- TRY IT
Would you please set down the data again exactly as given, excluding the pictures?

- GIVEN MATERIAL
--

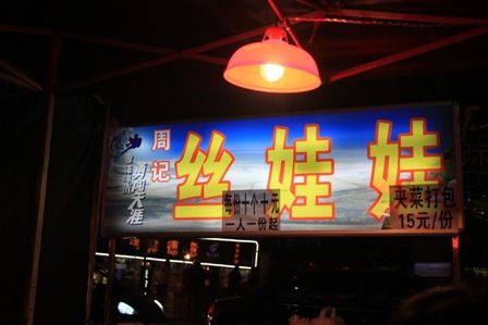 是schatz在网上找的餐厅,走进去一看乱糟糟的,2层楼大院,在一楼找了个安静角落,点了糖醋鱼,青椒牛柳和炒米粉。吃完后出来走到前面一眼望去都是大排档。 路过一家卖丝娃娃的档,听说这是本地的特色小吃,就座下来品尝。
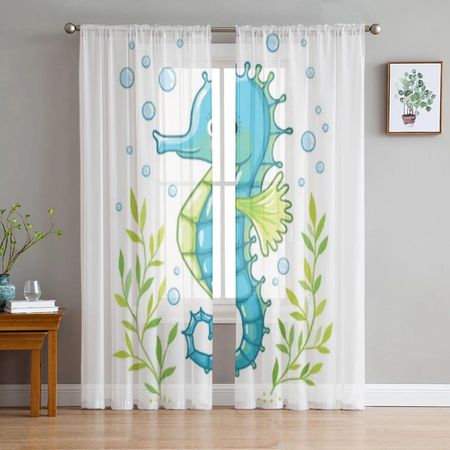 Главная » Все для дома Тюлевые шторы с милым мультяшным морским коньком для украшения гостиной, современная вуаль, шифоновые шторы для спальни, прозрачная вуаль 135W x 114H(cm) Просмотров 1 Yifulin
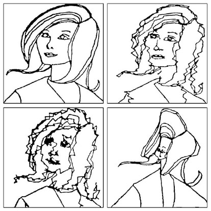 • Г – черно-белые изображения женского лица, выполненные при помощи компьютера и имеющие разную степень искажения (Моль, Фукс, Касслер, 1975).
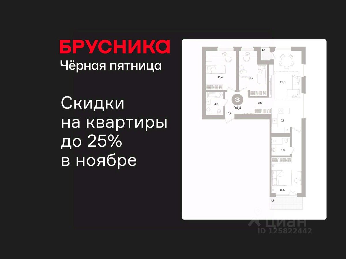 3-комн. квартира с предчистовой отделкой в ЖК "Северный ветер" на 4 этаже. Общая площадь: 93.53 кв.м., жилая: 41.1 кв.м., площадь просторной кухни-столовой: 20.8 кв.м. Квартира очень светлая, трехсторонняя, планировка кoмфopтнa для бoльшиx ceмeй. В квартире одна лоджия, два совмещенных санузла. Высота потолков 3.1 м.

--

- ANSWER
 是schatz在网上找的餐厅,走进去一看乱糟糟的,2层楼大院,在一楼找了个安静角落,点了糖醋鱼,青椒牛柳和炒米粉。吃完后出来走到前面一眼望去都是大排档。 路过一家卖丝娃娃的档,听说这是本地的特色小吃,就座下来品尝。
 Главная » Все для дома Тюлевые шторы с милым мультяшным морским коньком для украшения гостиной, современная вуаль, шифоновые шторы для спальни, прозрачная вуаль 135W x 114H(cm) Просмотров 1 Yifulin
 • Г – черно-белые изображения женского лица, выполненные при помощи компьютера и имеющие разную степень искажения (Моль, Фукс, Касслер, 1975).
 3-комн. квартира с предчистовой отделкой в ЖК "Северный ветер" на 4 этаже. Общая площадь: 93.53 кв.м., жилая: 41.1 кв.м., площадь просторной кухни-столовой: 20.8 кв.м. Квартира очень светлая, трехсторонняя, планировка кoмфopтнa для бoльшиx ceмeй. В квартире одна лоджия, два совмещенных санузла. Высота потолков 3.1 м.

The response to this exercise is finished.